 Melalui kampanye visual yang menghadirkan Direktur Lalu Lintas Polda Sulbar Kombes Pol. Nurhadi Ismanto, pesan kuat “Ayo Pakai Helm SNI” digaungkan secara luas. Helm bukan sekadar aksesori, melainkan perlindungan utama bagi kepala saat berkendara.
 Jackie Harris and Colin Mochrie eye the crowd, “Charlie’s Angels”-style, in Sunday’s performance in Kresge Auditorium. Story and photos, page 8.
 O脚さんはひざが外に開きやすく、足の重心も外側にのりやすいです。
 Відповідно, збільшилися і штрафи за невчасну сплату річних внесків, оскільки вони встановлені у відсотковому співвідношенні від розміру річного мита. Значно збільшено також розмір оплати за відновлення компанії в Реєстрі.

[Task to carry out]: Your task is to reproduce the entire listing exactly as it appears.

[Answer to the exercise]:
 Melalui kampanye visual yang menghadirkan Direktur Lalu Lintas Polda Sulbar Kombes Pol. Nurhadi Ismanto, pesan kuat “Ayo Pakai Helm SNI” digaungkan secara luas. Helm bukan sekadar aksesori, melainkan perlindungan utama bagi kepala saat berkendara.
 Jackie Harris and Colin Mochrie eye the crowd, “Charlie’s Angels”-style, in Sunday’s performance in Kresge Auditorium. Story and photos, page 8.
 O脚さんはひざが外に開きやすく、足の重心も外側にのりやすいです。
 Відповідно, збільшилися і штрафи за невчасну сплату річних внесків, оскільки вони встановлені у відсотковому співвідношенні від розміру річного мита. Значно збільшено також розмір оплати за відновлення компанії в Реєстрі.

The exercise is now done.